DESCRIPTION OF THE TASK: After finding "Дорадо на подушке из шпината" in a line below, print that line and the rest of the lines exactly, leaving out all pictures.

(Records from a dataset)
# # #

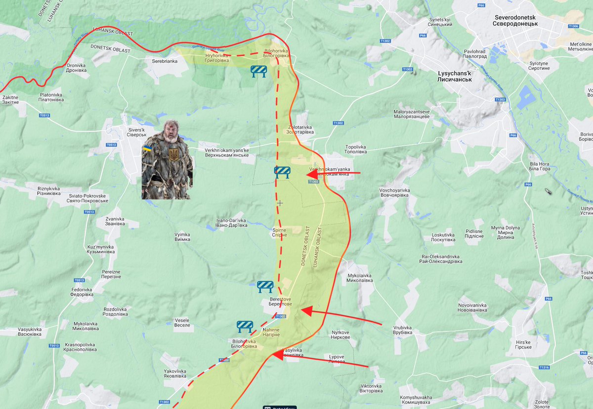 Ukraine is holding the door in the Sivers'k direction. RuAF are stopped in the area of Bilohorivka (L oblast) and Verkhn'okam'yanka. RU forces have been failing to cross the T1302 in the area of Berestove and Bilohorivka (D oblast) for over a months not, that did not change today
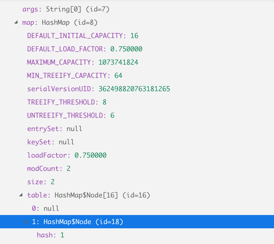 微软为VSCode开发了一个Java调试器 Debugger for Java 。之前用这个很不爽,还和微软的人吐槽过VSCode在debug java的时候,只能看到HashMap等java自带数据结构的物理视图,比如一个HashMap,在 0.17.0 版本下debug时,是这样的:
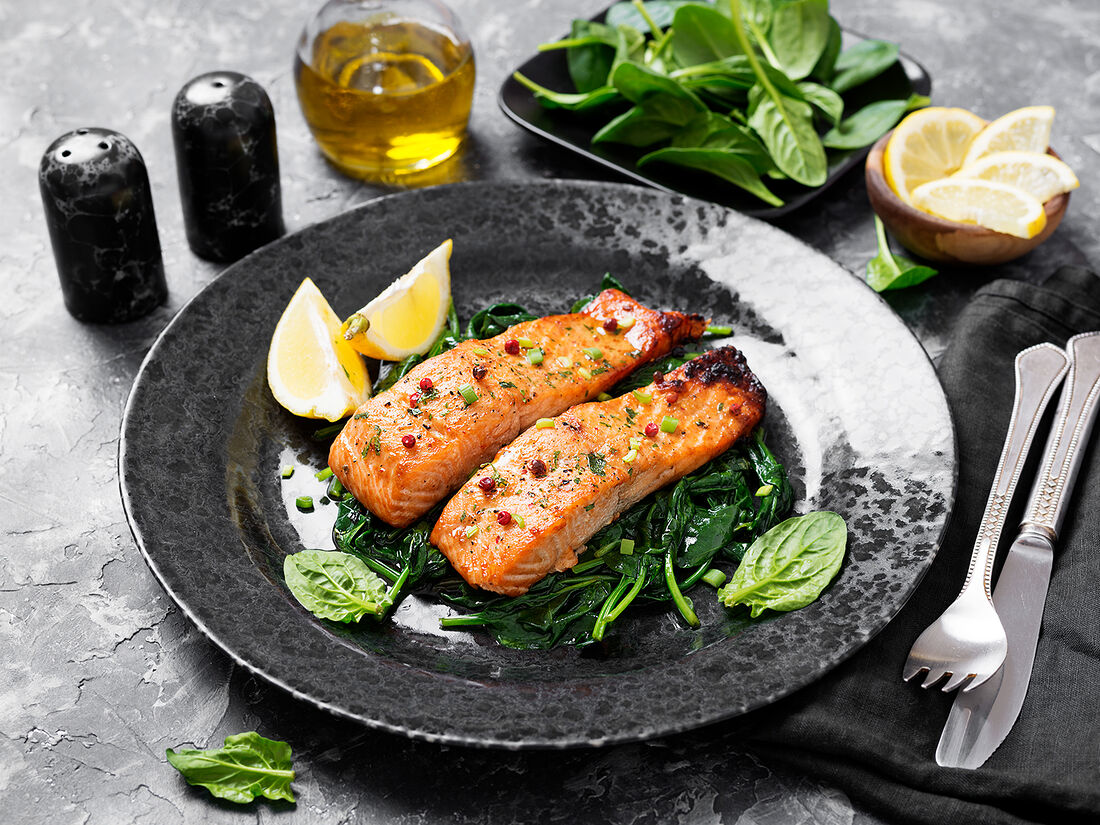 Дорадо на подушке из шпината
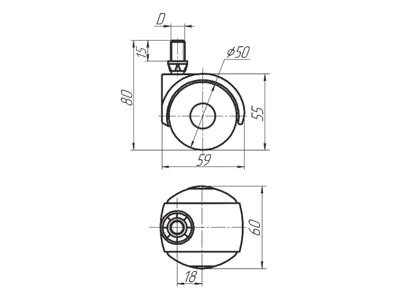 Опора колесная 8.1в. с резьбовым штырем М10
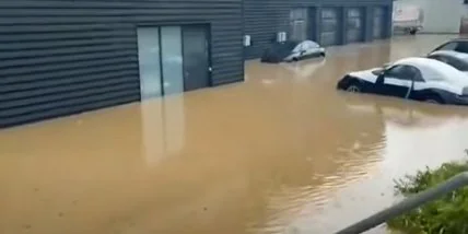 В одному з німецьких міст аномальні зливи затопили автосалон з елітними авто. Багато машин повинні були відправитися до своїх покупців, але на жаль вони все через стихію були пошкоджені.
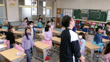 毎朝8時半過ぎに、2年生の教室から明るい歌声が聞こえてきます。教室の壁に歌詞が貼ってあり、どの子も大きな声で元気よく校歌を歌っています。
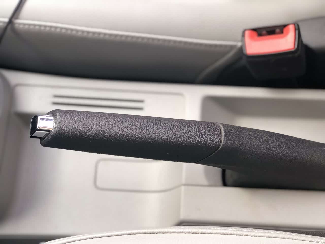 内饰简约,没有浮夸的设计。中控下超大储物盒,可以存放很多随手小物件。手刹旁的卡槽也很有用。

# # #

EXERCISE SOLUTION:
 Дорадо на подушке из шпината
 Опора колесная 8.1в. с резьбовым штырем М10
 В одному з німецьких міст аномальні зливи затопили автосалон з елітними авто. Багато машин повинні були відправитися до своїх покупців, але на жаль вони все через стихію були пошкоджені.
 毎朝8時半過ぎに、2年生の教室から明るい歌声が聞こえてきます。教室の壁に歌詞が貼ってあり、どの子も大きな声で元気よく校歌を歌っています。
 内饰简约,没有浮夸的设计。中控下超大储物盒,可以存放很多随手小物件。手刹旁的卡槽也很有用。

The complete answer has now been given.